Sarah Bale (2016) Crime Scene [ink on paper]

It must have been about 5 years ago that I visited an exhibition at the Saatchi Galley and saw the work of Dawn Clements. It was only in the last few weeks ago I remembered her work. It’s funny how things stick in your brain and then suddenly appear!  When I looked at her images I was struck by how much her drawings relates to my own. She is also inspired by films and uses ink to create domestic interiors. My inked interiors have splattering’s of blue and other clues.

Sarah Bale (2016) Insect Informer [ink on paper]

The fly is attracted to the evidence on the woman’s necklace.

Sarah Bale (2016) Staircase [ink and charcoal on paper]

The stairs are inspired by the staircase in Psycho and the Babadook. Films that both play with the notion of the uncanny, the mother and the home. Here is a quote by Alfred Hitchcock which relates to inked interiors.

‘Here we have a quiet little motel tucked away off the main highway, and as you see, perfectly harmless looking, when in fact it has now become known as the scene of the crime. This motel also has as an adjunct old house which is, if I may say so, a little more sinister looking, less innocent than the motel itself. And in this house, the most dire horrible events took place. (Hitchcock, 1960)

Box room in my degree show space

My small room installations were inspired by The Nutshell Studies. In my dissertation I wrote about Louise Bourgeois’ dark, eerie installations called Cells. These dark domestic interiors were also inspiration for my own small rooms. Articulated Lair is one of Bourgeois Cell’s. It is made up of eleven feet high giant black and white tall folding screens leading to an escape through the exit door. Gaps between the panels allow the viewer to look out, but also create the feeling of being watched. It is this feeling of being watched and watching I wanted to make with the peep holes in my rooms. I also wanted to control what the viewer sees by making only 2 holes on each box. And of course there is the issue of light. More holes would have let more natural light it. Not being able to see inside the boxes until the light switch is press adds to a feeling of apprehension and unknowing.

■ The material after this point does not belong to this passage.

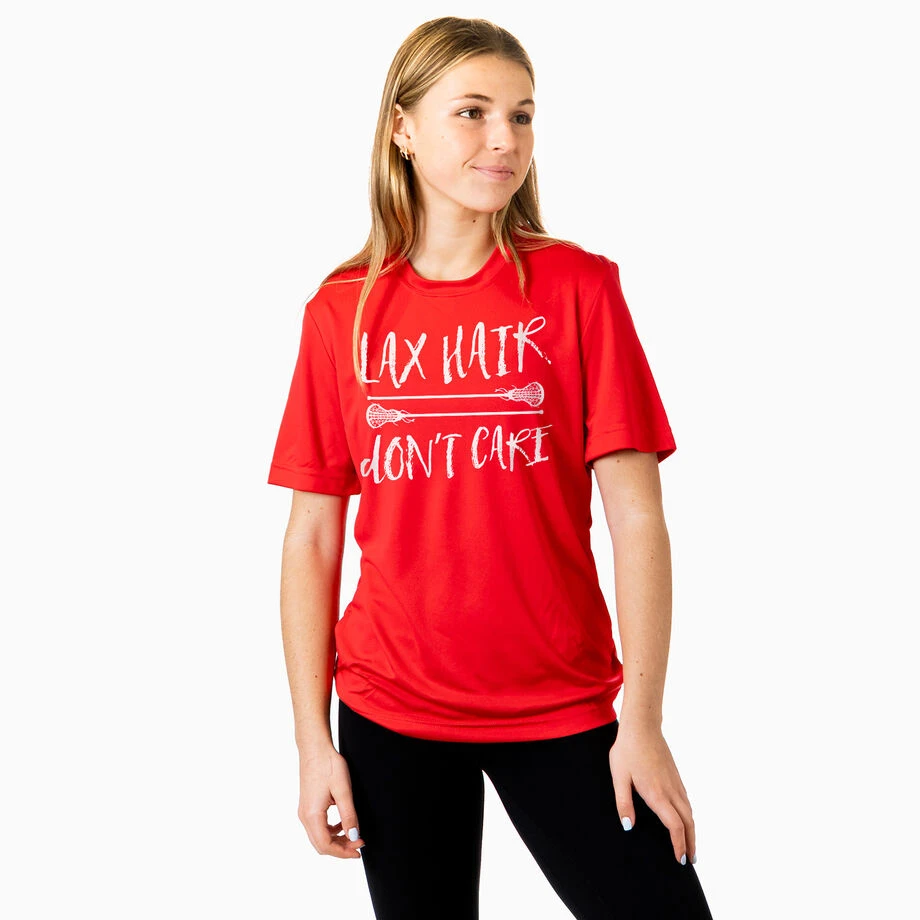 Girls Lacrosse Short Sleeve Performance Tee – Lax Hair Don’t Care

Looking through the peep hole to see inside the room

The design of the two boxed rooms is based on Ai weiwei’ S.A.C.R.E.D installations. To see inside S.A.C.R.E.D the viewer looks inside small windows to see Ai’s nightmarish cell which was his home for 81 days. When the viewer’s look through the peep holes into my domestic boxed rooms, I want them to have the realization that they are looking at domestic dolls house sized prison with no doors or windows. I am using the narrative of entrapment and terror. Smashed china on the kitchen floor is a symbol to the horror that has happened inside the room. As they look inside the dark murky spaces they will see the faces of women and heads stare out at them from the wallpaper. I want them to reflect upon hidden terrors and reach inside their subconscious to reveal their own personal memories and difficult experiences of the home, and ultimately experience the uncanny.

Left: Sarah Bale (2015) Annie [ink on canvas]
Right: Sarah Bale (2015) Poisonous Flower [ ink on canvas]

Annie is a deeply psychologically disturbing portrayal of the metal shattering of a young woman. The wallpaper is covered with a  deadly Poisonous Flower . Are both women a victim of circumstances or are they innately evil? That is for the viewer to decide.

Sarah Bale (2016) She Wouldn’t Hurt a Fly [ fly in insect display case]

She wouldn’t hurt a fly? Or would she?